İşler bu kadar arapsaçı ama veliler, hatta öğrenciler çoktan öğretmenlerle kafa yapmaya başladı bile…

Zammı kaptınız diye…

Şaka gibi…

*****

Az kuru

Üniversiteye yeni başlamıştı. Mühendislik okuyordu. Ekonomik durumu iyi değildi. Ailesinin imkanları kısıtlıydı, yeteri kadar para gönderemiyordu.

Çarşıda bir lokantaya girdi:

- Az kuru alabilir miyim?

Lokantacı hali anladı. Ağzına kadar dolu bir tabak kuru, bir de pilav getirdi.

Sadece az kuru parası aldı.

Talebe her gün “az” dedi; lokantacı “çok” verdi.

Okul bitti. Yıllar geçti. Talebe zengin bir mühendis oldu.

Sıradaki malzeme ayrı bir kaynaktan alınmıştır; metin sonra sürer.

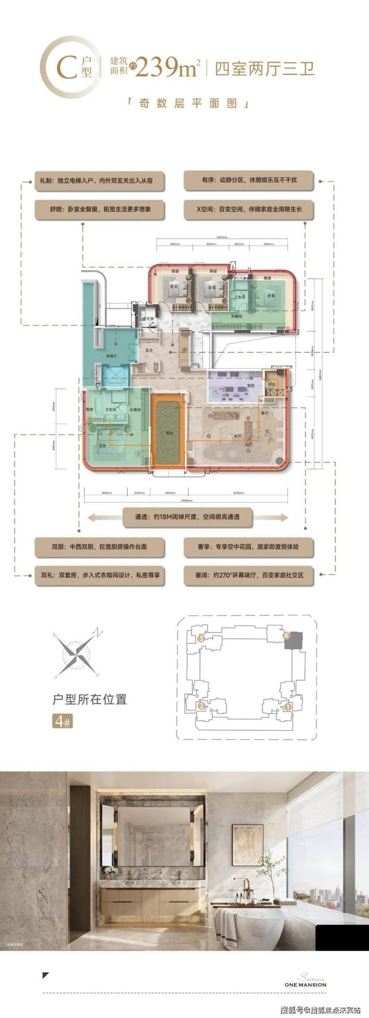 239㎡户型:泳池/花园入户顶奢空间,进阶版四室两厅三卫规划,享一梯一户、独立电梯厅、双玄关设计、LDKG一体化设计,享超17M阔绰面宽,标配中西岛台双厨和套房主卧,外加顶奢级泳池/花园入户配置,悦享归家即度假雅奢生活。

Aklına “az kuru” geldi. Atladı arabasına, okuduğu şehre gitti. Çarşıda lokantanın olduğu yere vardı. Baktı ki lokanta yok. Hemen komşu esnafa sordu:

- Buradaki lokanta nerede, sahibini nasıl bulurum?

Lokantanın kapandığını, amcanın da az aşağıda oturduğunu söylediler. Evini tarif ettiler.

Eski talebe, yeni mühendis gitti, evi buldu. Kapıyı çaldı. Amca kapıyı açtı.

“Buyurun” dedi. Talebe anlatır:

- Amca ben yıllar evvel burada okudum. Hep az istedim sen hep çok verdin.

Amca talebeyi hatırlamadı. O her talebeye öyle yapardı.

“Hatırlamadım oğlum, yıllar oldu” dedi.

Talebe:

- Burada oturuyorsun galiba, ev senin mi amca?

- Yok oğlum kira, hanım ve ben idare ediyoruz.

Talebe “Peki” dedi. Gitti, ev sahibini buldu. Evi satın alıp amcaya verdi. Üstüne hatırı sayılır bir miktar para da bıraktı.

Mahcup olan amca:

- Aman oğlum ne yaptın? Ne gerek vardı?

Talebe teskin eder:

- Amca senin az kurun olmasaydı ben aç yatar aç kalkardım. Büyük ihtimalle okulu bile bitiremezdim. Şimdi öyle zenginim ki! İnan benim sana verdiğim, senin bana verdiğinden daha değersiz. Sen hakkını helal et, o bana yeter.

Sarıldılar, ağladılar…

*****                 

TEBESSÜM

Sarhoş

Rusya’da sarhoşun biri içtiği içkilerin etkisiyle sokakta sızıp kalmış.

Uykusunda da “Diktatöre ölüm!” diye bağırmış.

Bunu duyan iki polis, sarhoşu tutup götürmüşler Stalin’in karşısına.

Stalin sorar:

- Kime diktatör dedin?

- Hitler için söyledim!

Stalin döner sarhoşu getiren iki polise:

- Peki sizin açıklamanız nedir yoldaşlar? Niçin ‘Diktatör’ dediğinde aklınıza ben geldim?

*****

GÜNÜN SÖZÜ

Eskimiş fikirler paslanmış çivilere benzer, söküp atmak çok güçtür.